ROYAL FAMILY
Breaking: Princess Diana “Destroyed” Prince Charles’s Belongings During a “Blazing Row” on Honeymoon….See More

The trip wasn’t as idyllic as it seemed.
Princess Diana may have detailed her honeymoon to the then-Princes Charles as a “tremendous success” in a 1981 letter to her family’s former housekeeper, but behind-the-scenes, the trip was anything than what you’d expect from a romantic couple’s vacation.
According to royal author Penny Junor—who wrote the biography The Duchess—Diana and Charles’s 12-day cruise aboard the Royal Yacht Britannia didn’t go exactly as planned. In her book, Junor revealed that Charles packed novels and art supplies for the couple’s honeymoon, which saw them visit several destinations—including Tunisia, Algeria, Sicily, the Greek islands, Egypt, and Scotland.
He’d taken along his watercolours, some canvases and a pile of books by the Afrikaner mystic and writer Laurens van der Post, which he’d hoped he and Diana might share and then discuss in the evenings,” Junor wrote, adding that Diana, who “was no great reader,” wasn’t pleased.

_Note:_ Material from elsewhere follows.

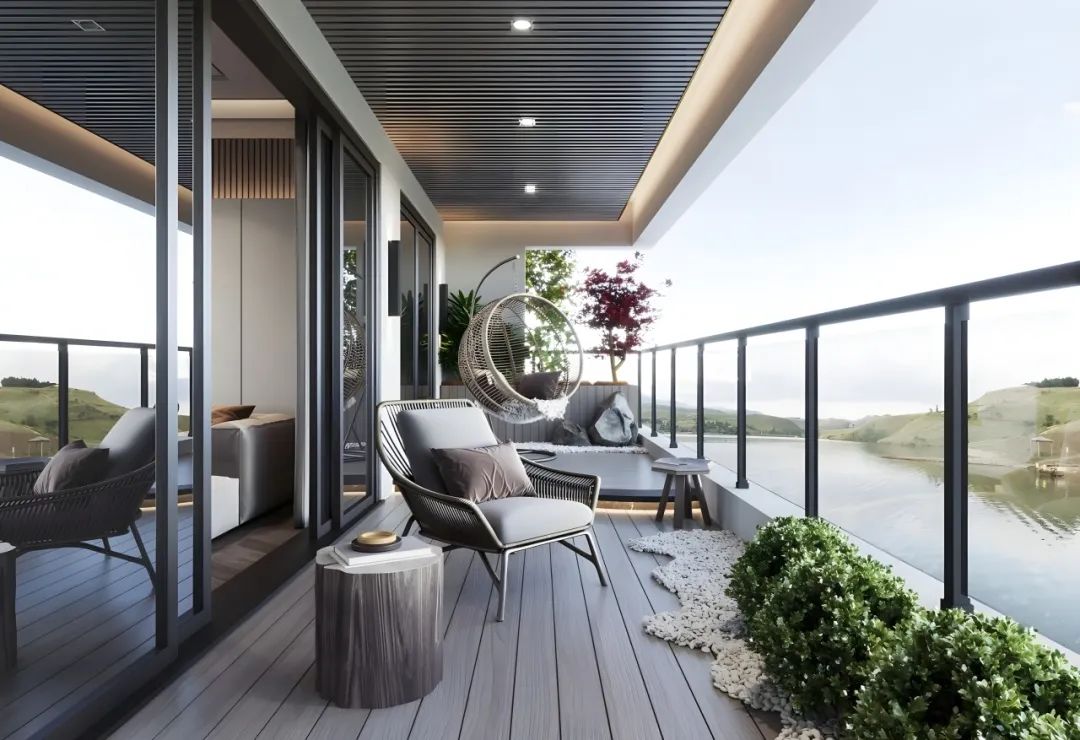 在此可摆放茶桌藤椅、种植花草绿植,打造为一处诗意盎然的私家花园。凭栏而望,窗外即是园林美境,足不出户便可将自然美景尽收眼底,可谓是一处空中观景台。无论是与家人、朋友聚会,还是独处,惬意的休闲时光随心而至。

She hated his wretched books and was offended that he might prefer to bury his head in one of them rather than sit and talk to her,” Junor explained. “She resented him sitting for hours at his easel, too, and they had many blazing rows.”
She continued, “One day, when Charles was painting on the veranda deck of Britannia, he went off to look at something for half an hour. He came back to find she’d destroyed his painting and all his materials.”

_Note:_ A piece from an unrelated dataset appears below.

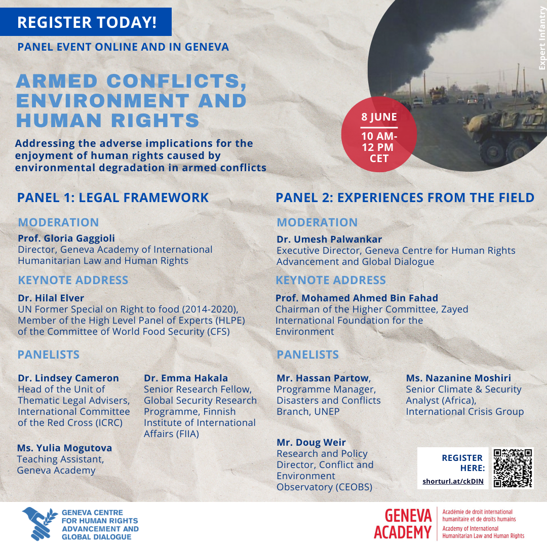 This conference, co-organized with the Geneva Centre for Human Rights Advancement and Global Dialogue, will address the adverse implications for the enjoyment of human rights caused by environmental degradation in armed conflicts.
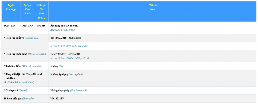 – Chi tiết Biểu giá đã được triển khai trên trang web hỗ trợ đại lý của CNMN (Details of faresheet was updated on agent-supporting website of Southern Region Branch)

Later, Diana admitted that their honeymoon wasn’t perfect after all, revealing that Charles’s ex-girlfriend (and now wife), Camilla Parker Bowles, was another point of contention between them on the trip.

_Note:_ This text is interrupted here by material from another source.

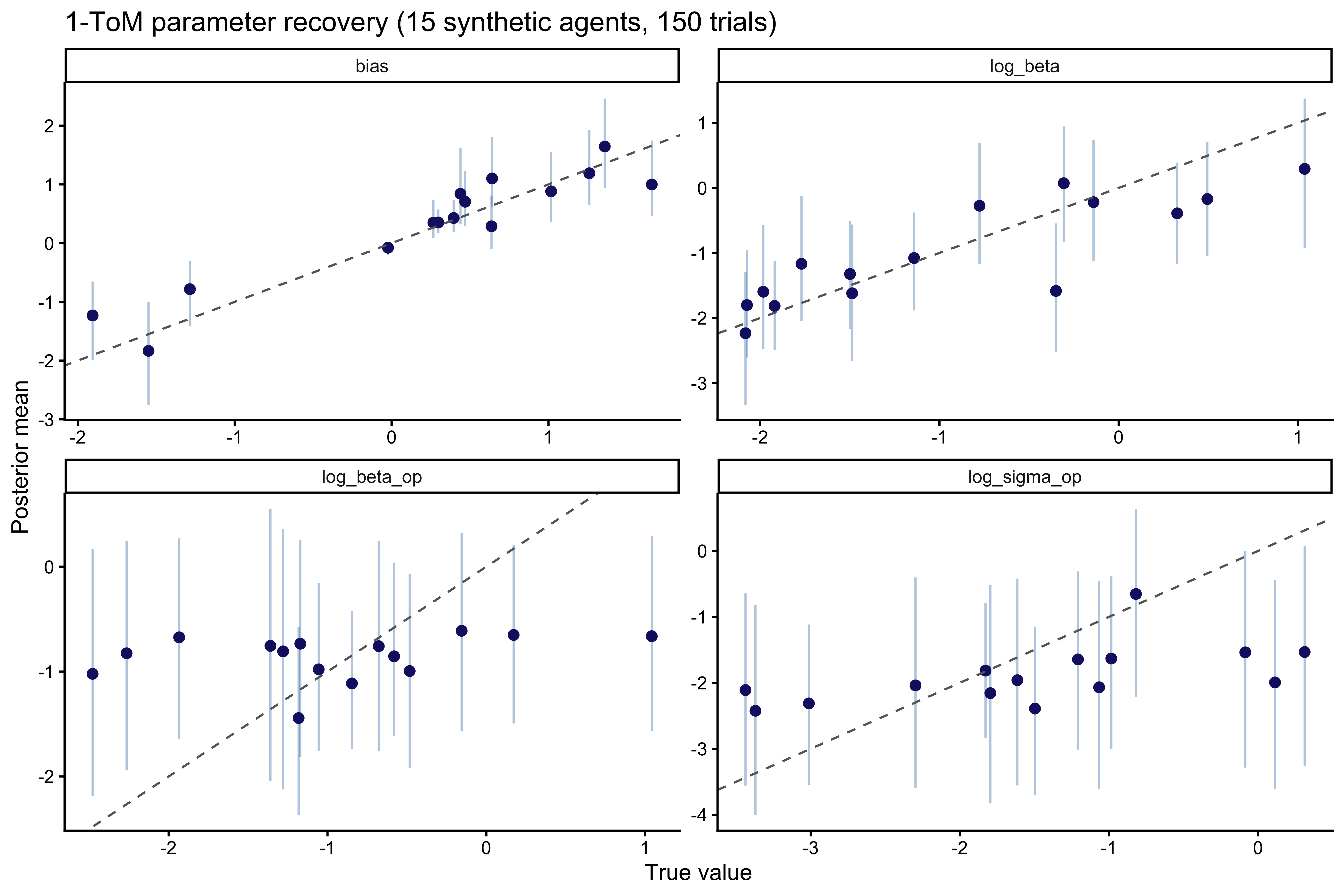 1-ToM parameter recovery. The agent’s own log_beta and bias are well recovered. The opponent-model parameters log_sigma_op and log_beta_op are noisier — they enter the likelihood only through the recursion, and a 150-trial sequence only weakly constrains them.

“On our honeymoon, cufflinks arrive on his wrists,” Diana said in a Channel 4 documentary. “Two Cs entwined like the Chanel ‘C.’ Got it. One knew exactly. So I said, ‘Camilla gave you those, didn’t she?’ He said, ‘Yes, so what’s wrong? They’re a present from a friend.’ And boy, did we have a row. Jealousy, total jealousy. And it was such a good idea—the two Cs—but it wasn’t that clever.”